# Need help.. LCD turns on but black!?!



## sososad (Jul 21, 2014)

Hello all,

I searched around but a solution could not be found..

So the issue is the LCD screen on the EOSM when powered on and in shooting mode turns on but is just black. I can take pictures still, touch screen portion is still available as I can choose where to focus, but I just can't see what is on the screen. 

Has anyone else had this same issue?

Thanks..really bummed out right now


----------



## Jamesy (Jul 21, 2014)

Have you tried cycling through the 'INFO' button?


----------



## sososad (Jul 21, 2014)

Thanks for the reply Jamesy, I really appreciate it. 

Pardon the lack of knowledge as I'm really a novice, but cycling through as in pressing the info button multiple times? or info button then simply move the dial?

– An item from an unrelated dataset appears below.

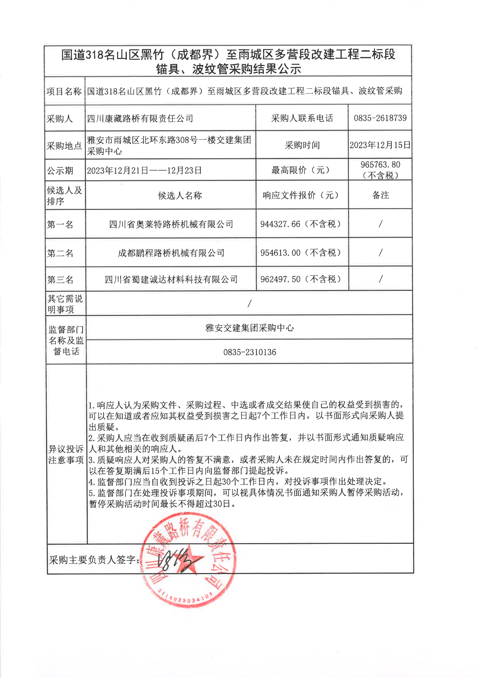 四川康藏路橋有限責任公司國道318名山區(qū)黑竹(成都界)至雨城區(qū)多營段改建工程二標段錨具、波紋管采購結果公示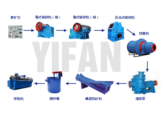 銅礦選礦生產線一般采用比較簡單的流程,經一段磨礦,細度-200網目約占50%~70%,1次粗選,2~3次精選,1~2次掃選。如銅礦物浸染粒度比較細,可考慮采用階段磨選流程。處理斑銅礦的選礦廠,大多采用粗精礦再磨—精選的階段磨選流程,其實質是混合—優(yōu)先浮選流程。先經一段粗磨、粗選、掃選,再將粗精礦再磨再精選得到高品位銅精礦和硫精礦。粗磨細度-200網目約占45%~50%,再磨細度-200網目約占90%~95%。 銅礦選礦流程分為三部分: 1.破碎部分:粉碎礦石過程的基本過程。其目的是原礦粉碎到適當大小,適合用于研磨一部分。? 2.研磨部分:研磨粉碎部分進一步處理礦石得到更小的尺寸是為配合浮選分離材料? 3.浮選部分:浮選過程/升級銅礦的重要過程。化學試劑將被添加到混頻器/攪拌機,使化學反應。 開采的礦石先由顎式破碎機進行初步破碎,在破碎至合理細度后經由提升機、給料機均勻送入球磨機,由球磨機對礦石進行破碎、研磨。 經過球磨機研磨的礦石細料進入下一道工序:分級。螺旋分級機借助固體顆粒的比重不同而在液體中沉淀的速度不同的原理,對礦石混合物進行洗凈、分級。經過洗凈和分級的礦物混合料在經過磁選機時,由于各種礦物的比磁化系數不同,經由磁力和機械力將混合料中的磁性物質分離開來。經過磁選機初步分離后的礦物顆粒在被送入浮選機,根據不同的礦物特性加入不同的藥物,使得所要的礦物質與其他物質分離開。 在所要的礦物質被分離出來后,因其含有大量水分,須經濃縮機的初步濃縮,再經烘干機烘干,即可得到干燥的礦物質。銅精粉品位達到45%。

The lcd screen still is black after performing both.

Thanks again!!


----------



## henrywang (Jul 21, 2014)

Are you running magic lantern?


----------



## bainsybike (Jul 21, 2014)

Have you tried adjusting LCD brightness?

Edit.... Sounds too obvious to mention, but have you fitted a lens, and taken the lens cap off?


----------



## Mt Spokane Photography (Jul 21, 2014)

You need to provide more information.

Is it a new camera, or one you have been using? 

What country are you in, is it a gray market camera, or one sold by a authorized dealer in your country?

Is the display dark all the time, or can you see the menus, for example?

Try removing the battery and let the camera sit for 60 minutes, while you are recharging the battery. Then try again. If the display remains black, it will need to be exchanged if possible, or repaired. 

You did not say which country you are in, contact Canon about getting it repaired. If they won't because its a gray market camera, contact the seller for repairs, the good ones will cover repairs should Canon refuse. A last resort is to contact the credit card company if you paid with one. Amex, and possibly others provide a warranty.


----------



## sososad (Jul 21, 2014)

henrywang: Completely stock with updated firmware. no magic latern.

bainsybike: I wish the issue was the lens cap 

Mt Spokane Photography: Sorry, the post was created in complete haste without mentioning details, and I was sort of frantically searching among different forums for any similar instances.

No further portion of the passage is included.